What I have left is a 40x25 Concrete floor and foundation footers. The Floor is sloped towards the middle and then a cement gutter runnning through the middle running lengthwise that is sloped towards the east end where a 6 inch drain runs out to an old leeching pond. The old owners raised pigs and would wash all the nastiness down the trench and it would flow to the old leeching pond. 

I think this foundation would work great for a greenhouse as there is a water hydrant and an 220 electrical connection that I did not remove or disconnect. The foundation also has good exposure to the sun as it was built with windows facing the sun all year on the southern exposure to keep the shed lighted and warm. 

I have been using some free time over here to study it out and I figure building an A-Frame style greenhouse so I can get the best benifit from the southern sun. It will also be able to shed snow buildup pretty well, last winter we got over 24 inches in one night. 

I am trying to figure out the pitch for the A-Frames so I can order them from an Amish neighbor that builds roof trusses. I would like to be ready to go when I get home. I want to get as much of a jump as I can on the growing season so I can have all my plants started when planting time for the garden comes around.

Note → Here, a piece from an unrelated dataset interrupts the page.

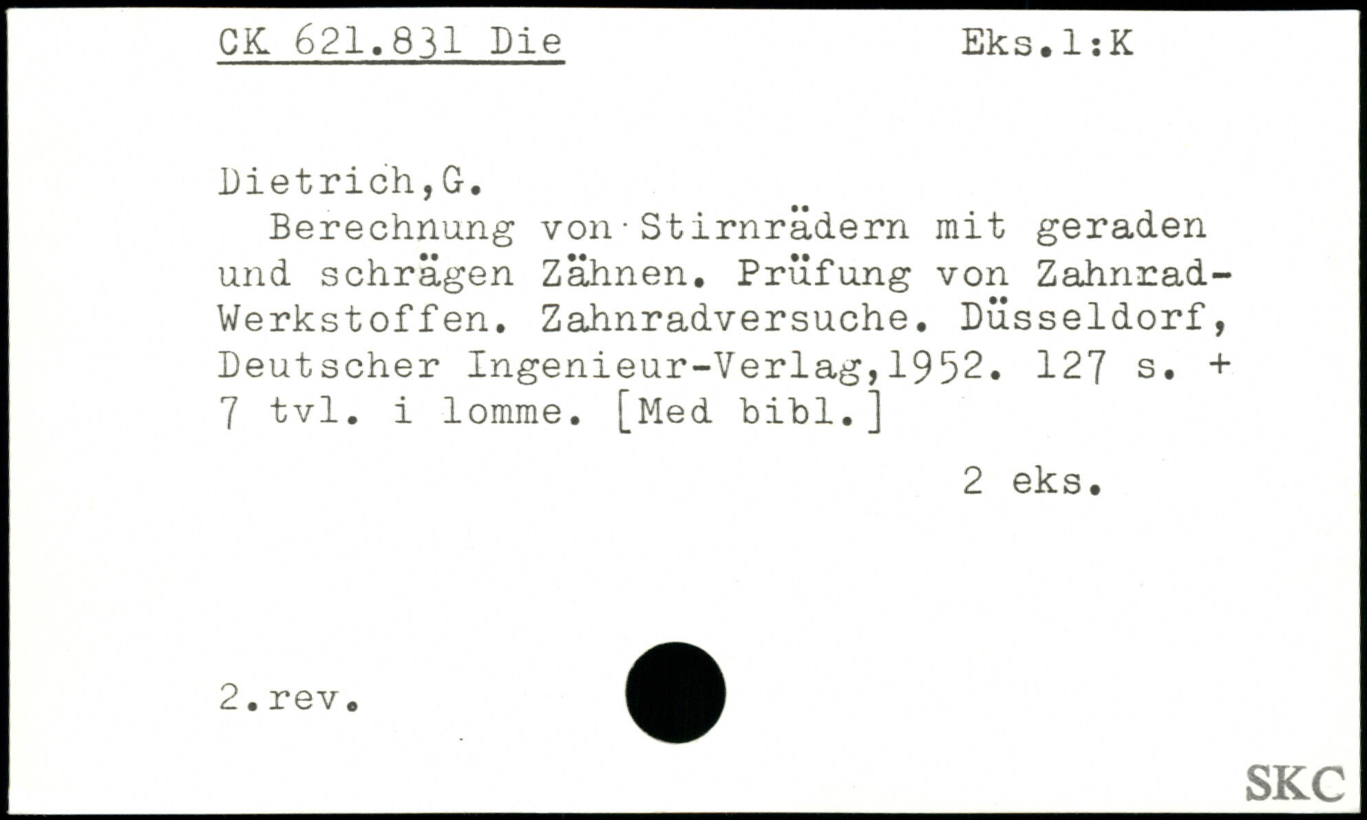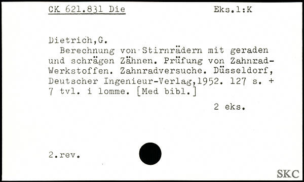Berechnung von.Stirnrädern mit geraden und schrägen Zähnen. Prüfung von Zahnrad-Werkstoffen. Zahnradversuche.

The problem is I have no clue how to calculate the pitch for the frames. I need to figure out how high I want the frames to be so I can get the ordered. Like I said the foundation is 25 feet wide, and I want 8 feet of headroom so I can mount light fixtures, fans and such. Any of you all have a clue how to calculate the pitch/height that I need the frames to be?

Any help, questions, comments and rude remarks are apreciated. Thanks in advance.


----------



## on_the_rox (Jul 17, 2011)

I have only seen a frames done with dimensional lumber (2xs) and tied with collar ties. I am sure they could easily be done with engineered trusses also, I just dont have the experience there. Just as an example though, with a 12/12 pitch and dimensional lumber with a 25 foot span you are looking at having an outside roof height of about 12.5 feet with an inside ceiling height at the peak of over 11 feet. This would be reduced in areas by the height of the collar ties holding the roof together but that could vary. If you were to bump that pitch up to say 16/12 that would give you an outside roof height of a little over 17 feet, an inside ceiling peak of about 16 feet, and more room for a higher "ceiling" structure. I would draw a few ideas out on paper and see what will best fit your needs. I am not a building expert, or a greenhouse guru, but I did do home remodeling for a few years so I hope I was a little help. Be safe over there.


----------



## on_the_rox (Jul 17, 2011)

Just a simple lesson on pitch too. Not sure if it is necessary but someone may benefit. On a roof the pitch is the ratio of the rise to the run. Basically that means the first number denotes the number of inches the the roof goes up and the second number denotes the number of inches that the roof goes across. So if you had a 4/12 ;itched roof the roof would start out at zero inches tall on the edge. It would be 4 inches tall at one foot over. It would be 4 feet tall at 12 feet over and so on. On a 12/12 pitch it would be 12 inches tall at 12 inches over and 12 feet tall at 12 feet over. I hope I am not talking down to anyone but I wanted to try to cover the basics to make sure you understood how the pitch ratio works. Hope this is helpful.


----------



## 1969cj-5 (Sep 14, 2011)

You are not talking down to me at all, I tried to google this but could not get my search framed the way I wanted it. Thanks, now you have me doing some numbers. :2thumb:


----------



## NaeKid (Oct 17, 2008)

I draw stuff in autocad all day long for my day-job .. it would be nothing at all for me to figure out the angles that you would want to use for an A-Frame greenhouse ....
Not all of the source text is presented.